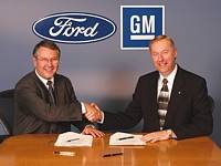 General Motors Corp. and Ford Motor Co., the two largest automakers in the world, stated recently they will be teaming up in a unique and unprecedented partnership to develop a new 6-speed automatic transmission. The high-volume, front-wheel-drive transmission will offer 4 to 8% better fuel economy over traditional 4-speed units. Ford and GM have inked an initial agreement to cooperate on designing, engineering and testing the new transmission as well as working with suppliers to develop and buy components. They expect to finalize the deal this winter.
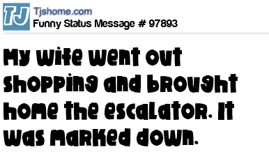X My wife went out shopping and brought home the escalator. It was marked down.
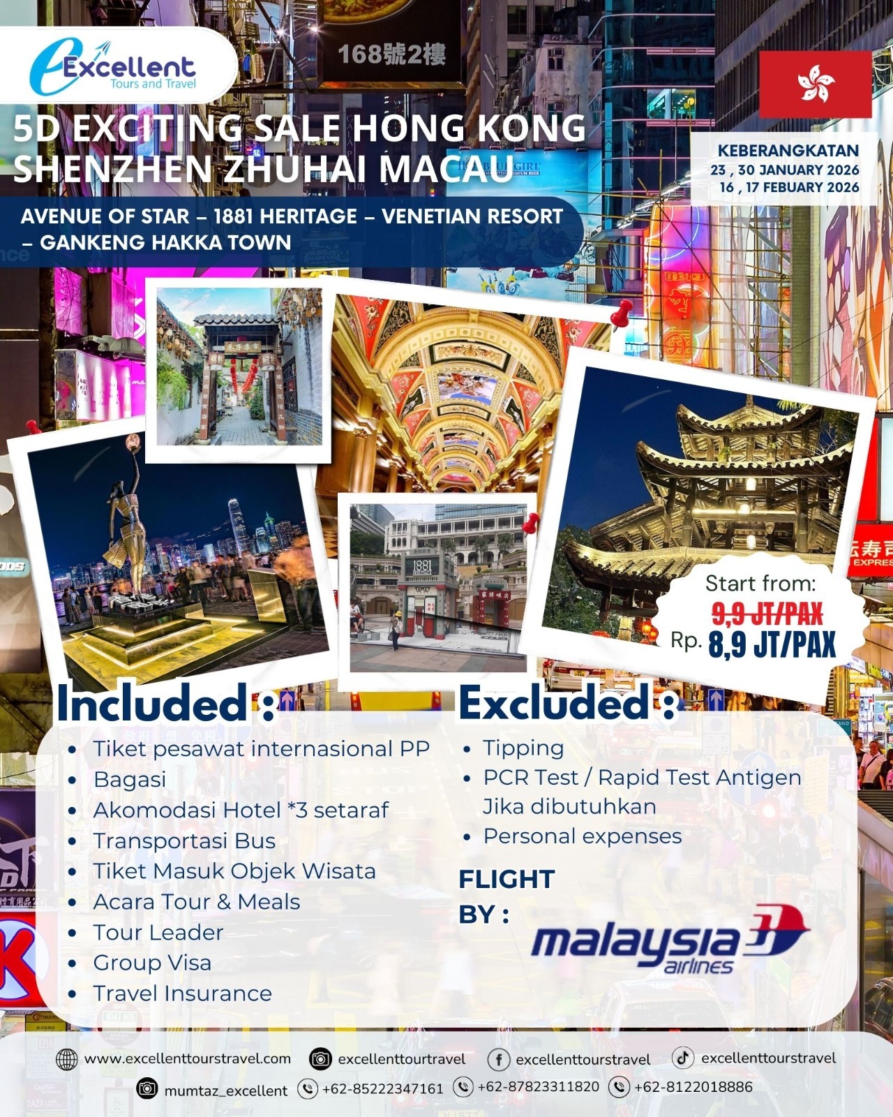 Mulai dari gemerlap Avenue of Stars, wisata heritage 1881, kemegahan Venetian Resort Macau, hingga nuansa budaya di Gankeng Hakka Town 🏙️✨
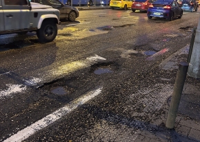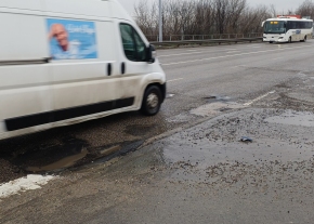 Van egy mély kátyú az út közepén.
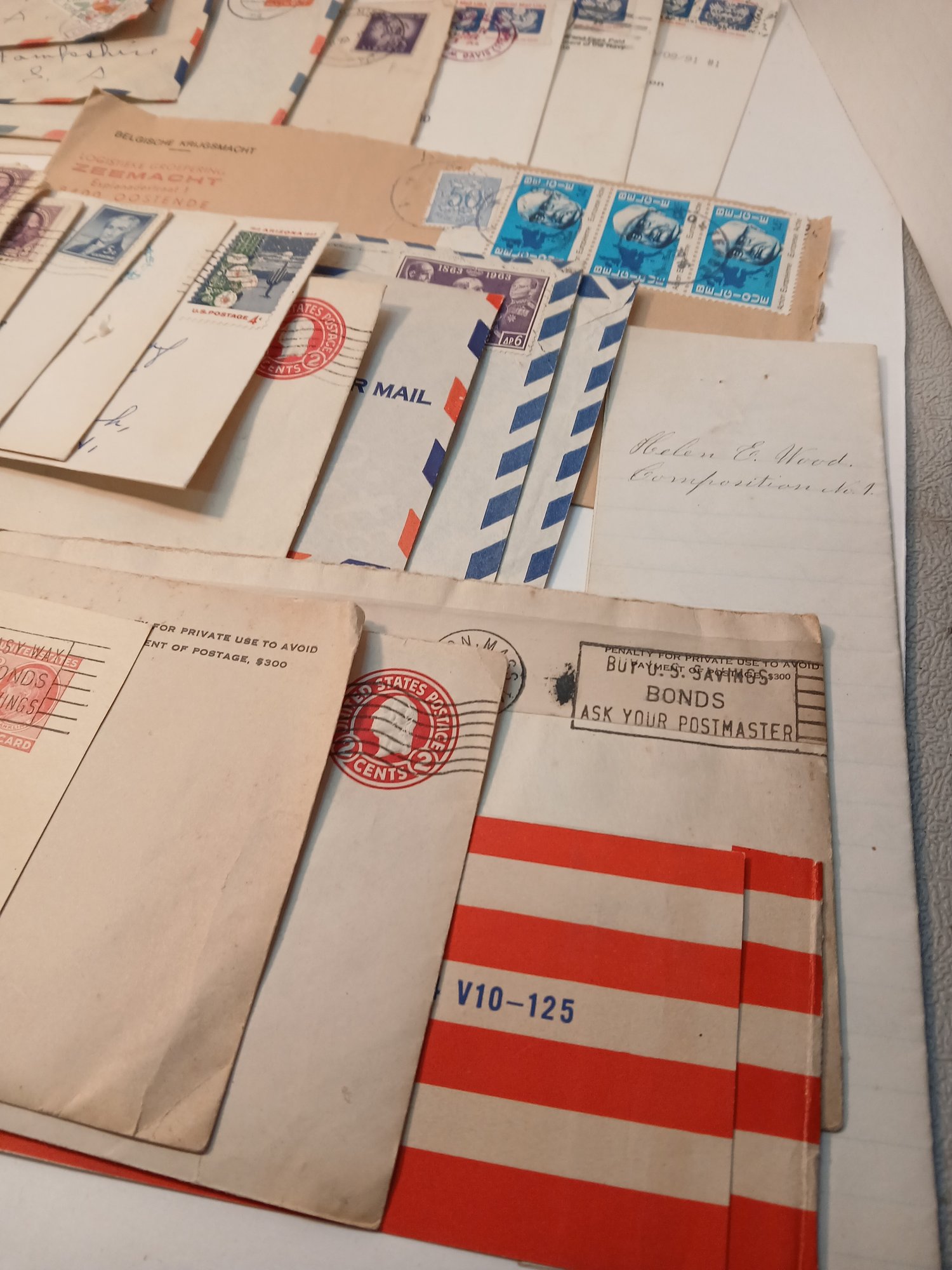 lot of used stamps, cards, airmail envelopes, various dates, etc....
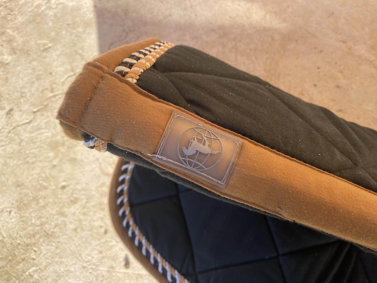 Ensemble tapis et amortisseur noir et camel, très bon état peu utilisé.
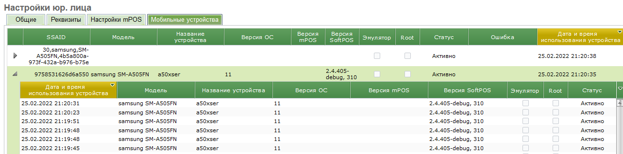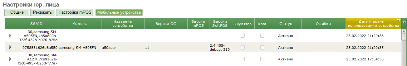Вкладка предназначена для просмотра статусов устройств с установленным приложением SoftPos, зарегистрированных в АПК Ассист. Также здесь можно зарегистрировать новое устройство.
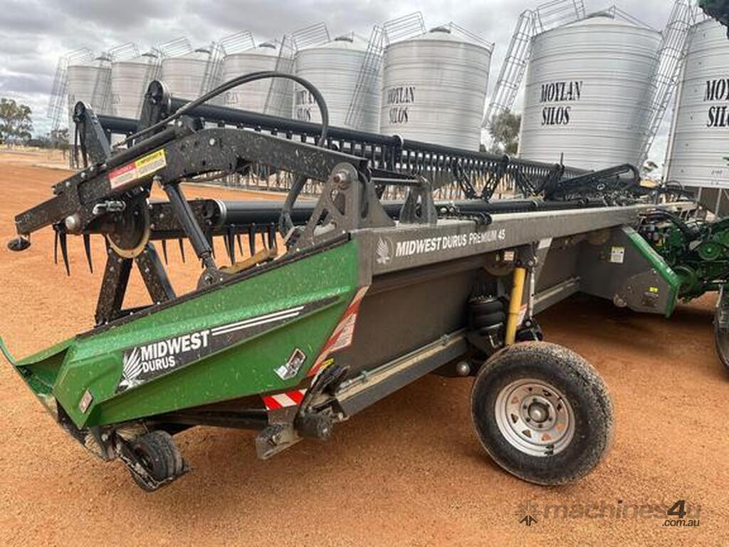 2019 JOHN DEERE S780 COMBINE, 1957 ROTOR HOURS, DUAL 650/85R38 DRIVE TYRES, REAR TYRES VF620/70R26, PREMIUM CAB, LED AND HEADER EXTREMITY LIGHTS, COMBINE ADVISOR, ACTIVE YIELD, JDLINK, UNLOADING AND REAR VIEW CAMERA, GEN 4 DISPLAY WITH EXTENDED MONITOR, NO RECEIVER, LATERAL TILT FEEDER HOUSE WITH FORE/AFT TILT, TRISTREAM ROTOR, ACTIVE CONCAVE ISOLATION, POWER FOLDING GRAIN TANK LIDS, 8.7M AUGER, STRAW CHOPPER WITH POWER CAST TAILBOARD, PRODRIVE TRANS. 2018 MIDWEST DURUS PREMIUM 45' DRAPER WITH TOP AUGER & TRAILER. MACHINES PRESENT VERY WELL, SELLING OBC, PLEASE CALL FOR CONTACT DETAILS.
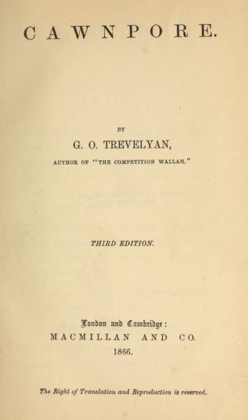 The Project Gutenberg EBook of Cawnpore, by G. O. Trevelyan This eBook is for the use of anyone anywhere in the United States and most other parts of the world at no cost and with almost no restrictions whatsoever. You may copy it, give it away or re-use it under the terms of the Project Gutenberg License included with this eBook or online at www.gutenberg.org. If you are not located in the United States, you'll have to check the laws of the country where you are located before using this ebook. Title: Cawnpore Author: G. O. Trevelyan Release Date: March 6, 2016 [EBook #51383] Language: English Character set encoding: ISO-8859-1 *** START OF THIS PROJECT GUTENBERG EBOOK CAWNPORE *** Produced by Brian Coe, Moti Ben-Ari and the Online Distributed Proofreading Team at http://www.pgdp.net (This file was produced from images generously made available by The Internet Archive/American Libraries.)

================================

Instructions to follow. What is needed is the listing above, repeated verbatim, without its images.

Expected answer.
 General Motors Corp. and Ford Motor Co., the two largest automakers in the world, stated recently they will be teaming up in a unique and unprecedented partnership to develop a new 6-speed automatic transmission. The high-volume, front-wheel-drive transmission will offer 4 to 8% better fuel economy over traditional 4-speed units. Ford and GM have inked an initial agreement to cooperate on designing, engineering and testing the new transmission as well as working with suppliers to develop and buy components. They expect to finalize the deal this winter.
X My wife went out shopping and brought home the escalator. It was marked down.
 Mulai dari gemerlap Avenue of Stars, wisata heritage 1881, kemegahan Venetian Resort Macau, hingga nuansa budaya di Gankeng Hakka Town 🏙️✨
 Van egy mély kátyú az út közepén.
 lot of used stamps, cards, airmail envelopes, various dates, etc....
 Ensemble tapis et amortisseur noir et camel, très bon état peu utilisé.
Вкладка предназначена для просмотра статусов устройств с установленным приложением SoftPos, зарегистрированных в АПК Ассист. Также здесь можно зарегистрировать новое устройство.
 2019 JOHN DEERE S780 COMBINE, 1957 ROTOR HOURS, DUAL 650/85R38 DRIVE TYRES, REAR TYRES VF620/70R26, PREMIUM CAB, LED AND HEADER EXTREMITY LIGHTS, COMBINE ADVISOR, ACTIVE YIELD, JDLINK, UNLOADING AND REAR VIEW CAMERA, GEN 4 DISPLAY WITH EXTENDED MONITOR, NO RECEIVER, LATERAL TILT FEEDER HOUSE WITH FORE/AFT TILT, TRISTREAM ROTOR, ACTIVE CONCAVE ISOLATION, POWER FOLDING GRAIN TANK LIDS, 8.7M AUGER, STRAW CHOPPER WITH POWER CAST TAILBOARD, PRODRIVE TRANS. 2018 MIDWEST DURUS PREMIUM 45' DRAPER WITH TOP AUGER & TRAILER. MACHINES PRESENT VERY WELL, SELLING OBC, PLEASE CALL FOR CONTACT DETAILS.
 The Project Gutenberg EBook of Cawnpore, by G. O. Trevelyan This eBook is for the use of anyone anywhere in the United States and most other parts of the world at no cost and with almost no restrictions whatsoever. You may copy it, give it away or re-use it under the terms of the Project Gutenberg License included with this eBook or online at www.gutenberg.org. If you are not located in the United States, you'll have to check the laws of the country where you are located before using this ebook. Title: Cawnpore Author: G. O. Trevelyan Release Date: March 6, 2016 [EBook #51383] Language: English Character set encoding: ISO-8859-1 *** START OF THIS PROJECT GUTENBERG EBOOK CAWNPORE *** Produced by Brian Coe, Moti Ben-Ari and the Online Distributed Proofreading Team at http://www.pgdp.net (This file was produced from images generously made available by The Internet Archive/American Libraries.)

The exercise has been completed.